Pedro Emilio Gil
Nació en Valparaíso, Chile en 1875, y desde muy joven ingresó al periodismo y cultivó la literatura en diversos géneros. En 1902 fue secretario de redacción de El Diario Ilustrado, en 1905. Colaboró abundantemente en La Comedia Humana, de Valparaíso, y en 1907 fue redactor de sucesos de la misma ciudad.
Al fundarse la revista Zig-Zag, en 1905, comenzó a colaborar en ella. En 1923 fue, por poco tiempo, secretario de redacción de El Mercurio de Santiago.
En 1924 fue director de El dia de Chillán. De regreso a Santiago, siguió escribiendo en El Mercurio, donde además desempeñó hasta su muerte el cargo de corrector de pruebas.
Abrazó también el teatro, al cual contribuyó con El otro (en colaboración), 1906; El Rey Consorte, 1914; Alessandri sí (en colaboración), 1920, etc.
Es autor de una producción inmensa de breves artículos y de poesías ligeras y humorísticas de ocasión, que ha quedado en las muchas revistas y diarios que le contaron como redactor y colaborador. Empleó casi siempre los seudónimos Antuco Antúnez y Zenón Evero (éste sobre todo en El Mercurio en sus últimos años), para firmar sus trabajos.
Murió en Santiago el 15 de junio de 1934.
Bibliografía:
Sin son ni ton. Prólogo de Ricardo Valdés.
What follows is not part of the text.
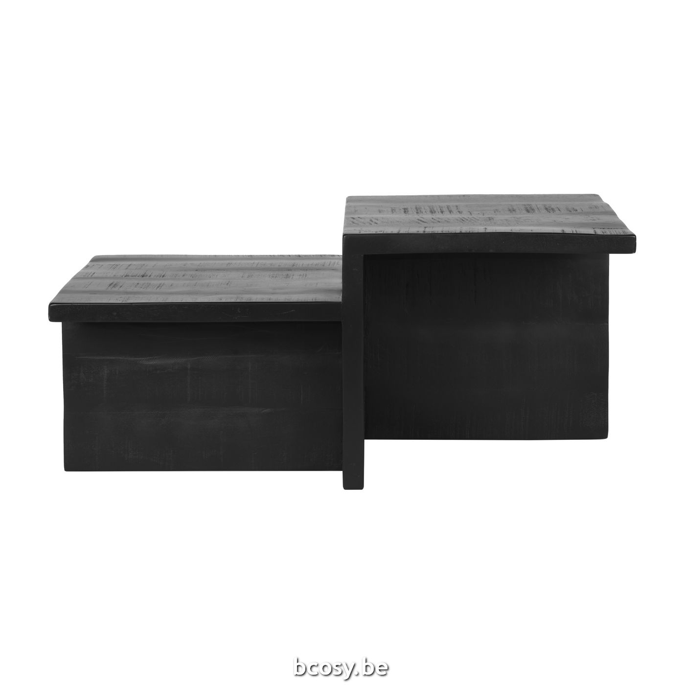 Salontafel Skip van LABEL51, uitgevoerd in zwart mangohout heeft zijn naam te danken aan de gave verspringingen in hoogte en diepte. Aan geen kant is deze tafel hetzelfde en daarom een heel tof â€eœobject’ in huis.

Santiago, 1923.
GALERÍA
Donairosa hija de Eva
de tonos aristocráticos,
y que en vez de mangas, lleva
dos globos aerostáticos;
beldad que entera se esconde
bajo blindajes de seda,
¿en dónde la he visto, en dónde?
En la Alameda.
Grata aparición gentil,
que, envuelta en el manto leve,
tan sólo muestra el perfil
de un rostro de rosa y nieve,
y que, arrobado, no chisto
si alguna vez la contemplo
¿en dónde, en dónde la he visto?
En algún templo.
Insulso nieto de Adán,
hueco y vano como paja,
embutido en un gabán
que es exótica mortaja,
y a quien para duque o conde
sólo le faltan... modales,
¿en dónde le he visto en dónde?
En los portales.
Recomendable sujeto
(que es del último el revés)
que dibuja el alfabeto
Con los vacilantes pies,
y que, en verdad, me contristo
al verle los ojos turbios
¿en dónde, en dónde le he visto?
En los suburbios.
Única visión radiosa
que tesoros de miel deja
en donde sus labios posa
(¡Dios mío! ¿Si será abeja?).
Ángel del cielo bajado,
que al ser que el crimen enfanga
lava de todo pecado
(ya ven ustedes que es ganga).
Visión que el alma extasía
cuando el recuerdo la evoca
¿dó se halla, oh memoria mía?
-En tu loca
fantasía.
CERCA DEL BUEN DIOS
Un domingo, de mañana,
volvía Ignacio de misa
con su abuelita, una anciana
de bondadosa sonrisa.
Charlaba el chico de un modo
tan vario, que, a la verdad,
era un compendio de todo
su infantil garrulidad.
Y entre la abuela y él mismo
(¡Dios mio, qué abuelas éstas!),
formaban un catecismo
de preguntas y respuestas.
-Abuela.
-Di, mi tesoro.
-¿Qué es eso que veo allí
que reluce como el oro?
-Un torreón o cosa así.
-y el sol por encima corre
¿Qué es un torreón?
-¡Preguntón!
Pues .. , algo como una torre.
¿No ve tú mismo: torreón?
(A las luces matutinas,
lanzaban áureos reflejos
las cúpula bizantinas
de un palacio, allá a lo lejos.)
-Di, abuela, ¿quién allí habita?
-Hombre, el dueño del palacio.
-¿Tendrá mucho oro, abuelita,
que así lo tira al espacio?
-Pero, ¡vaya una salida!
¡Me pones en cada aprieto!
(Y acaricia enternecida
la cabeza de su nieto.)
-¡Oh, quién fuera rico!
-¡Ignacio!
¿por qué ese capricho, di?
-Así tendría un palacio
como el que diviso allí.
Treparíamos de un salto
al torreón ése, los dos.
y estaríamos muy alto ..
¡Casi a dos dedos de Dios!
Sonrióse la buena anciana,
y con emoción muy honda,
bajó su cabeza cana
hasta la cabeza blonda.
Y al mostrarle con el dedo
a un triste, muerto de frío,
dijo en su oído, muy quedo:
-¿Ves aquel hombre, hijo mío?
Pues, llégate a él, le das
al pobre un centavo o dos,
y de este modo estarás
mucho más cerca de Dios.
SOBERBIA HUMILDE
Dios sabe si, no obstante mi orgullo desmedido,
no soy yo más humilde que penitente alguno;
Él me perdone el gesto con que siempre he querido,
pareciéndome a todos, no emular a ninguno.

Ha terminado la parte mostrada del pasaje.